Reducing Chemical Inputs in Arid-Climates Through Sustainable Orchard Management

Project Overview

Project Type: Research and Education
Funds awarded in 1998: $261,044.00
Projected End Date: 12/31/2002
Matching Non-Federal Funds: $46,383.00
Region: Western
State: Utah
Principal Investigator:
Schuyler Seeley
Utah State University

Annual Reports


  • Fruits: general tree fruits


  • Crop Production: application rate management
  • Education and Training: demonstration
  • Farm Business Management: whole farm planning
  • Pest Management: botanical pesticides, chemical control


    SUMMARY of Sustainable Orchard Management Systems

    Automatically Reporting Weather Stations (ARWS) have been accumulating data for four years. Arrays of HI/LO weather stations strategically located in orchards have also been accumulating data. These stations were in place for the 1999, 2000, 2001, and 2002 calendar years. The equipment has been incorporated into the various state weather station programs, and information from them will be used in fruit production for years to come. Cooperators in each state have downloaded the HI/LO information monthly and dispatched the information to the Utah State Climate Center. The Utah State Phenology models have been incorporated into a computer software package called Wintree that tracks fruit tree phenology in a fruit tree calendar.

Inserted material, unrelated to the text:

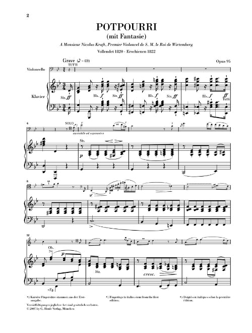 Johann Nepomuk Hummel Potpourri Op 95 Fantasy For Cello And Orchestra Piano

The fruit tree calendar begins on the first of September as trees go dormant. The Chill Unit Module tracks the progression of fruit tree development through dormancy and predicts emergence from dormancy. The Anthesis Unit Module tracks the progression of bud development and growth through full bloom. After full bloom the Apple Sizing and Foliation Unit Modules estimate fruit and shoot growth and development during spring. During summer, a Photosynthesis Unit Module tracks tree growth, development, and relative photosynthate production. Insect, disease, and fruit growth models added to the phenological fruit tree calendar provide accurate prediction of insect and disease activity for scouting purposes. Predictive information for the common insects and diseases in the intermountain area give hobby, part-time, and full-time orchardists information that can help them in pin-pointing their protection efforts and reduce chemical use. The data have been archived in the Utah Climate Center Database and are available* at, click on Interstate Orchard Project.
    *Computer hackers virally infected the Utah Climate Center Computers in the spring of 2001 and reduced them to virtual rubble. Archived historical and current weather data were not destroyed, but programs that processed the data were. Various attempts to get the programs back up and running have not yet been successful. To replace the role of the Utah Climate Center in the Sustainable Orchard Management Program and to make the program dispensable to the states and give them control now and after the termination of this project, we (James Frisby) produced computer programs for the Campbell Scientific Dataloggers used in the project. These programs have been distributed to collaborators on CD with instructions. With these programs, researchers and farmers in each state are able to download the raw data and run the programs to determine chill units, phenological dates, fruit sizing, and insect and disease prediction and susceptibility. This allows them the ability to control their exposure to Internet problems and educates them to do the job on their own.
    A program status meeting with cooperators from the various states involved was held on November 2, 2001 at Utah State University. We spent one day talking about our programs, distributing the most current program versions, and talking about results in 2001, and planning for the 2002 year. We also talked about other possible cooperative endeavors to serve the intermountain fruit production industry. A proposal was submitted to the Community/University Research Initiative in Utah and it was funded to help fruit growers monitor irrigation applications more closely to reduce water usage. The program will operate during 2002 and 2003. A booklet on irrigation strategy in drought situations will be produced and growers will receive Watermark blocks and readers so that they can learn to monitor their soil water levels more accurately.

    Project objectives:

    OBJECTIVES Sustainable Orchard Management Systems

    1. Develop an arid climate Sustainable Orchard Management (SOMS) Handbook/Calendar/Tool Kit to educate IPM inclined growers in horticultural association meetings, workshops, and mentor/grower relationships.
    2. Develop a climate center generated, climatically databased, electronic SOMS Calendar based on presently available phenology calendars for arid climate orchards.
    3. Develop mentoring of SOMS inclined orchardists via this program, extension fruit agents, and IPM growers.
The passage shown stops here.